俺は、クリスチャンになるには洗礼を受ける必要があると思うけど、洗礼がどんなもので何が必要なのか全然分からないので、教えてほしいと聞いてみた。すると彼はこう質問した。

「wattleさんは聖書は読んでる?」

あれ、俺、こんだけキリスト教キリスト教言ってて、聖書、読んだことないじゃん。。。いいんだっけそんなんで。遠藤周作の本読んでだいぶ分かった気になってただけかも。。とりあえず正直にその旨と、聖書は持ってもないし読んだこともないと答えた。すると、神父さんは俺に話をしてくれた。
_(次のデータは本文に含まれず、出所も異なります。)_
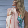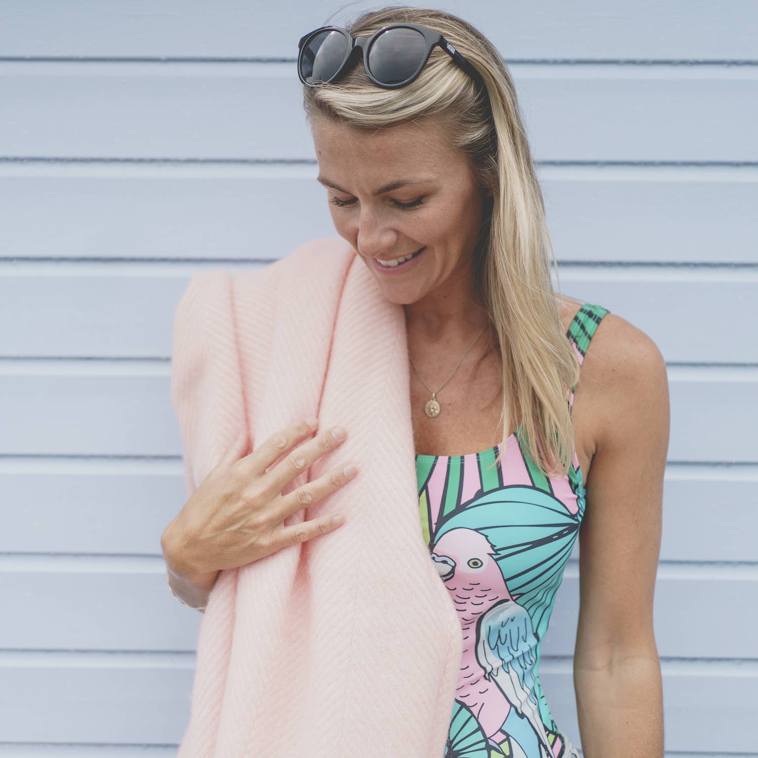 Pull our candy floss pink herringbone blanket over your shoulders from a clifftop perch or the cradle of your favourite chair and relax into its enveloping folds.

「wattleさんの場合、洗礼を受けなくってもいいんじゃないかな?wattleさんは宗教ってものを通じた知的好奇心の部分の方が強そうだから、自分自身で聖書を読んだり、調べだりして、考えてゆくっていう方が、洗礼を受けて毎週末ミサにきて過ごすよりも、いい気がします。」

そんなもんですか!!これまでも正式・形式的にクリスチャンになっていないことに負い目を感じていた俺としては、超目から鱗だった。気が楽になった。解放されたかんじがした。「いいんだ、自分の好きなように調べて、勉強して、考えていいんだ…!」

神父さんは続けた。「聖書を読むのが一番大事なのでそこは是非やってほしいけど、本田哲郎って神父の方が書いた、『小さくされた人々の福音』っていうのがおすすめだから、良かったらそれを買って読んでみて。この本は、聖書の原語にできるだけ忠実に日本語訳をされているものなんです。」

話したのは1時間くらいだったと思うが、俺は本当に、生まれ変わったような気分で、軽い足取りで家路に着いた。帰りの電車の中で早速、教えてもらった聖書をネットで注文した。

キリスト教のことや聖書の教えに本格的に触れていくのはこれからだけど、もう第2の人生が始まったような気がしていた。

■ 俺にとってクリスチャンになるとは

結局、俺にとってクリスチャンになるとは、例え他人が胡散臭いとか気持ち悪いとか言うようなものであっても、他人に何を言われようとも自分が好きなことをやる、一度きりの人生を自由に生きてみるっていうこと、そのものだった。

信仰を始めるのには、洗礼を受けた!とか、この日からクリスチャンになることを神に誓った!みたいな明確なターニングポイントが必ずしも必要ではなく、信仰心はじわじわと育っていくものだと思う。

この連載noteはこれで一旦終わりますが、引き続き別のnoteでは本格的に、キリスト教の内容について触れていく予定です!